Happiness is also fleeting. It lasts only for the moment, and then you must search for a new desire to fulfill. The pursuit of happiness can never be achieved, because happiness will always linger out of grasp. It’s always one desire away.

 

chasing

 

Meaning is what gives life purpose. The sense that you exist as part of something greater and more significant than yourself. Viktor endured unbearable hardships in the camps, and he witnessed unspeakable horrors, but always, he had the sense that he had a purpose. That his life had meaning. He was there to help others endure.

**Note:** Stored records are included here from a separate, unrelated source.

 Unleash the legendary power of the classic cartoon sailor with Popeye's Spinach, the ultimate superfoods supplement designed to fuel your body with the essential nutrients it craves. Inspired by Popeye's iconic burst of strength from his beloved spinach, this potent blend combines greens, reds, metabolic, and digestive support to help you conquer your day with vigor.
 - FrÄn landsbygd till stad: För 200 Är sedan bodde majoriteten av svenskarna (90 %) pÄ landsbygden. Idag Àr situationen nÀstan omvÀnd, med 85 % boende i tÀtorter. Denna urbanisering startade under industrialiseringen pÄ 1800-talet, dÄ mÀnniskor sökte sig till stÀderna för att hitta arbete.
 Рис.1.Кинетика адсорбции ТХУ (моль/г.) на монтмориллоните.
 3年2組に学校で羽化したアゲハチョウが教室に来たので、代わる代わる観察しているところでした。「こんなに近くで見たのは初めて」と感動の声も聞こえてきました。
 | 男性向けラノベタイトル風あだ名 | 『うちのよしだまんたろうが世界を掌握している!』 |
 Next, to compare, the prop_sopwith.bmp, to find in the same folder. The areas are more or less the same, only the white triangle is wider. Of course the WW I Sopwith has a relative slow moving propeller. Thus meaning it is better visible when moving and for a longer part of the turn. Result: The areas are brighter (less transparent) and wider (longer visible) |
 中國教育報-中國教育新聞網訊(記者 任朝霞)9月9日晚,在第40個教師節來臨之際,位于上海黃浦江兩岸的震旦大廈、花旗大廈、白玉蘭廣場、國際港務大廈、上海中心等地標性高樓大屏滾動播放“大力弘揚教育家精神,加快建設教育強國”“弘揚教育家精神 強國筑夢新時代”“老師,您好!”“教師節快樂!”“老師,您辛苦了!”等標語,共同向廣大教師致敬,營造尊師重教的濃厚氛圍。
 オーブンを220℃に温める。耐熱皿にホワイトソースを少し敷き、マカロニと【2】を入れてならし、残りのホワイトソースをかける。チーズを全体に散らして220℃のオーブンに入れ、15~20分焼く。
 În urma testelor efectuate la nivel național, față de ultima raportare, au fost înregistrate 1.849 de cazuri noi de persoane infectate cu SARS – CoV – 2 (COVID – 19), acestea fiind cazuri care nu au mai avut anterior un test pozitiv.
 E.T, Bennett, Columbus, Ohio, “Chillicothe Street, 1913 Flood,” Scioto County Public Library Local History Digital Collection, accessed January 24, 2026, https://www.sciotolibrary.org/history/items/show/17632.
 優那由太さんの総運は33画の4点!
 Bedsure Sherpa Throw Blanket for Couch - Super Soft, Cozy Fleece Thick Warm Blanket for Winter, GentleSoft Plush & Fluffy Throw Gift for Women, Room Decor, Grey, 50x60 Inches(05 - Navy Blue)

“Being human always points, and is directed, to something or someone, other than oneself — be it a meaning to fulfill or another human being to encounter. The more one forgets himself — by giving himself to a cause to serve or another person to love — the more human he is.”

 

Happiness is about taking. It’s about having. It’s about your own personal desire and fulfilment. Meaning is about giving. It’s about responding. It’s about other people.

 

Having meaning in your life is what makes the inevitable suffering that life brings bearable. Knowing that you exist as part of something greater than yourself. One of the most meaningful things any person can do is become a parent. Having a child connects you to the past and the present and the future like nothing else. Babies are completely and utterly helpless and require intense care, and the work of guiding a child from infancy through adulthood will not always make parents happy. There is nothing happy about being up at 3 AM with a toddler vomiting on the carpet and the baby crying to be fed. But it doesn’t matter. Happiness is not relevant at moments like that. Those children NEED you. They matter. They are the reason you exist, and in meeting your obligations and responsibilities as a parent, you achieve a sense of fulfillment and meaning that cannot be matched by the mere satisfaction of material desires.

 

http://articles.cnn.com/2011-05-23/living/do.not.want.children_1_happiness-cultural-beliefs-children?_s=PM:LIVING

 

Does having children make you happy? Not really. But happiness isn’t the point.

 

A man who becomes conscious of the responsibility he bears toward a human being who affectionately waits for him, or to an unfinished work, will never be able to throw away his life. He knows the “why” for his existence, and will be able to bear almost any “how.”

 

Life, liberty and the pursuit of happiness. Western cultures have become fixated on the “happiness” part of that equation, and seem to have forgotten that we need a reason to be happy. There is more to life than happiness.

 

A life well lived is a life filled with meaning, and a day spent giving to others. Today is one of those days where I’m not particularly happy about the laundry piled up and waiting and the floors needing mopping and the dust bunnies threatening revolution under the bunkbeds, but I have no doubt that my life has a purpose and that ultimately, the daily act of caring for others is what leads to happiness. My life is motivated not by a desire for physical things, but by love.

 

dust bunnies

 

I say all this, having decided several hours ago, that I am not doing jack-shit in the house today. Fuck the dust bunnies, the laundry and the dishes. Today I’m reading Viktor Frankl and drinking wine. I’m gonna get that “I’m not happy look” when my husband gets home, and all I have to say to that is “I love you, honey. Order pizza for dinner. And remember that happiness isn’t the only thing in life worth pursuing.”

 

wine

 

Love is our true destiny. We do not find the meaning of life by ourselves alone – we find it with another. Thomas Merton.